Но она не обуздывалась, а становилась только все темнее и гуще… Особенно интересно было доктору некое препарирование действительности – ну в советской печати, там все было ясно и знакомо, но интересные штуки случались и в эмигрантской, например, этот вой и рыдание по зверски убиенной большевиками царской семье, тут доктор всегда зло усмехался и вспоминал ту даму, из марта 1917-го, которая убила бы Его собственными руками, – нет уж, извините, приговор привели в исполнение большевики, но подписала его – та самая дама, хороша собой, кстати, была, да, хороша собой…
С чувством неведомой опасности, даже какого-то отвращения, доктор захлопывал очередную обложку и шел дальше.
Да, этот выбор, о котором он подумал, когда Елена спросила, какую бумагу покупать, вновь появился: выбор между дорогим и дешевым, блестящим и тусклым, нужным и ненужным, мерцали коробки конфет в уютном полумраке пассажей и за версту пахло духами, аккуратно сметали пыль со столов официанты в длинных белых фартуках, свисающих почти до полу, – как будто все старое опять вернулось, но в каком-то другом, надорванном, безумном и неестественном виде, не вызывая никакого чувства, кроме протеста и брезгливого нежелания туда, в это старое, возвращаться.
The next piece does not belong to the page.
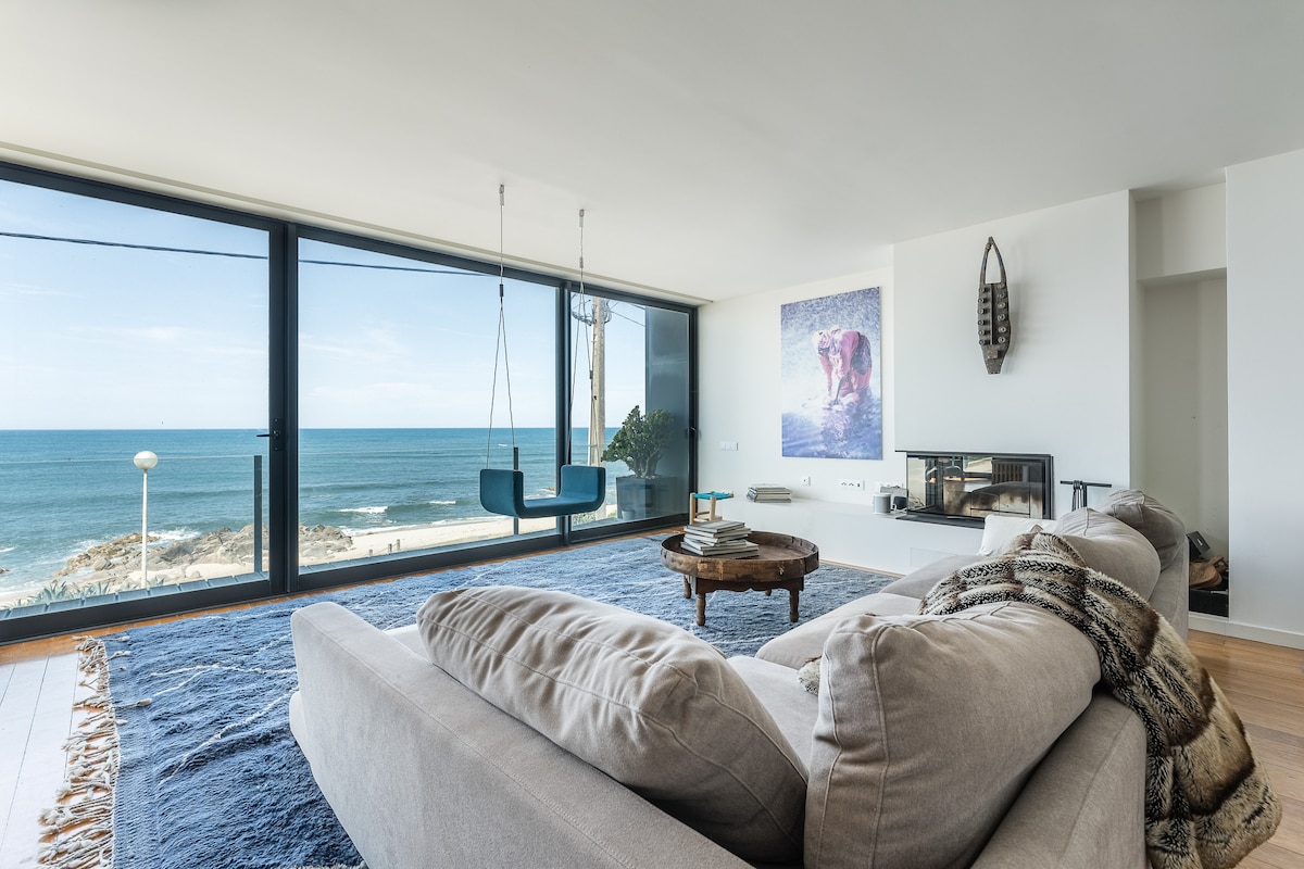 Apartamento Duplex de luxo para 6 pessoas, situado na primeira linha do mar, frente à praia de Salgueiros, de áreas generosas, decorado com uma fusão entre o moderno e o clássico. Lugar ideal para férias ou estadia de curta duração e também um excelente lugar para viver.

И было мучительно непонятно, стыдно и непонятно, больно и непонятно – зачем были пережиты эти страшные зимы и весны 1918-го, 1919-го, 1920 годов? Зачем все это случилось, если нового ничего не появилось и теперь уж, видимо, не появится никогда?
Впрочем, доктор прекрасно знал, что все эти конфеты и духи, частные периодические издания и подпольные ночные карточные комнаты для шулеров и игроков с девицами и дорогим алкоголем, они вообще ничего не значат, что новое все же никуда не делось, оно только спряталось, чтобы стать еще злее, еще свирепее, чтобы в этой тишине вновь собрать свою темную невероятную силу.
И доктор мстительно улыбался, глядя на какую-нибудь глупую витрину, зная, что ее опять разобьют и теперь уже навсегда. В чем она провинилась, эта глупая витрина, Весленский не мог бы себе ответить, он просто видел, что, несмотря на внешнее оживление и возрождение города, по нему все равно постоянно цокали вооруженные патрули, проходили колонны красноармейцев, сновали деловитые чекисты, город был по-прежнему оцепеневший, застывший, деревянный, как больной после тяжелой операции, который пытается шутить, говорить, оживленно кокетничать с медсестрами, хотя внутри у него по-прежнему ужас и болевой шок еще не прошел.